Okay, so Aa → ~Bx. Maybe you can do something with that, but I don't see how we can get to the required (Aa ^ ~Ba) from there.

Perhaps you should make a truth table, to at least convince yourself that (Aa ^ ~Ba) is true and not an error in the book.

4. Mar 18, 2010

### kote

You can click the far right button on the format bar when you are typing in a message to get the latex reference. $$\exists$$ (\exists), $$\forall$$ (\forall), etc, are all in there under logic.

If you have ~Ea to begin with, then from your first premise you can get to ~Ba, which you are looking for in your conclusion. Does that help any? I'm not sure what else you were thinking here.
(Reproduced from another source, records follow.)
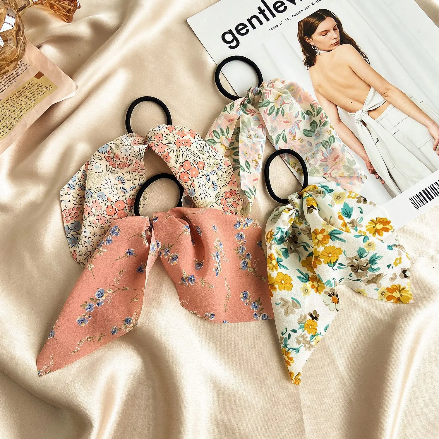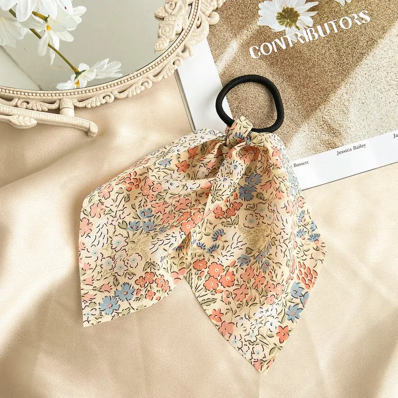 Резинки для волос, шифоновые, с цветочным принтом, эластичные, Женс...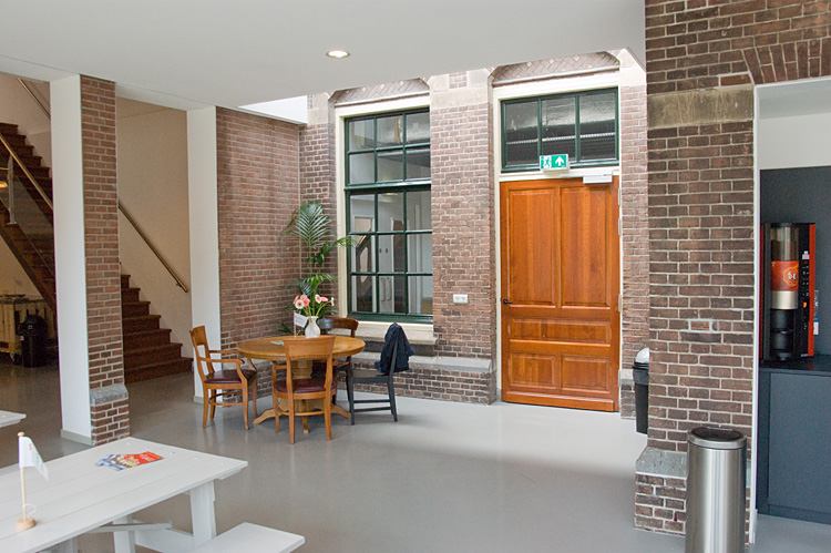 Wat eerst buiten was, is nu binnen. Een deel van de achtergevel vanuit de nieuwe langscorridor. Goed te zien zijn (links) de doorbrekingen in de achtervleugel.
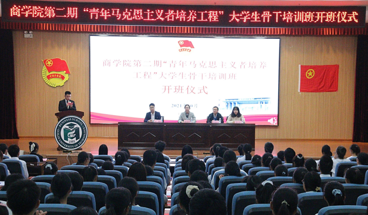 为深入学习宣传贯彻习近平新时代中国特色社会主义思想,提高2021级团学骨干的理论水平和业务能力,推进学院基层团学组织建设,10月23日上午,学院在雁山校区图书馆报告厅举行第二期“青年马克思主义者培养工程”大学生骨干培训班开班仪式。学院党委副书记沈菲菲,团委书记宋海民,2021级辅导员出席本次开班仪式,学院团委、学生会、励合社、易班学生工作站暨传媒中心、学生社区管理服务中心成员以及全体2021级团支书班长参加开班仪式。开班仪式由2138CC太阳集团学生团委副书记程俊杰主持。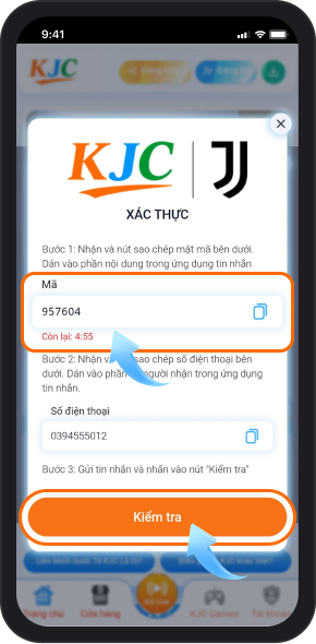 Bước 3: Dùng SĐT đăng ký tài khoản gửi tin SMS đến SĐT hệ thông cung cấp cước phí miễn phí. Nội dung tin nhắn là mã xác thực 6 số điền mã xác thực đó và ấn “Kiểm Tra”.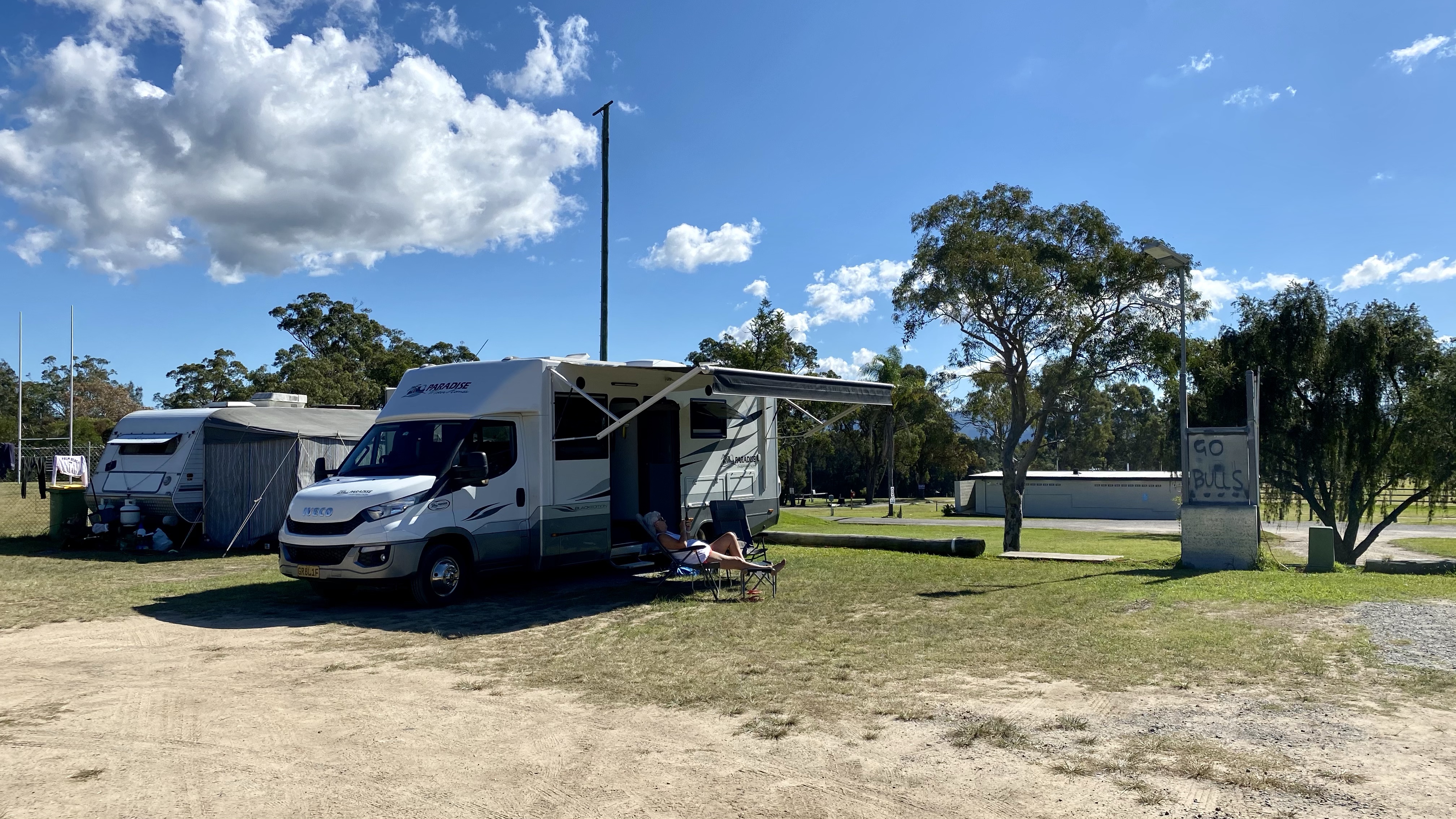 Buladelah free camp is a Lions Project to allow nomads to stop over for the night or sometimes two. There has been a donation box but that was missing this visit. The town pub hosts a lot of the nomads for evening meals.

I'm sure the assignment was due by now anyways though :tongue:.

BTW I just found this on the philosophy forum. Symbolic logic is required for majors .

5. Mar 18, 2010

### JSuarez

The argument, as it is, is not correct: from two conditionals, you cannot infer Aa (so you cannot infer its conjunction with anything else).

6. Mar 21, 2010

### Redbelly98

Staff Emeritus
Moderator's note:

We are here to provide help so that the OP, nietzsche, can solve the problem. We are not here to provide the actual solution.

Lacking further input from the OP, I urge people to refrain from providing more help at this point.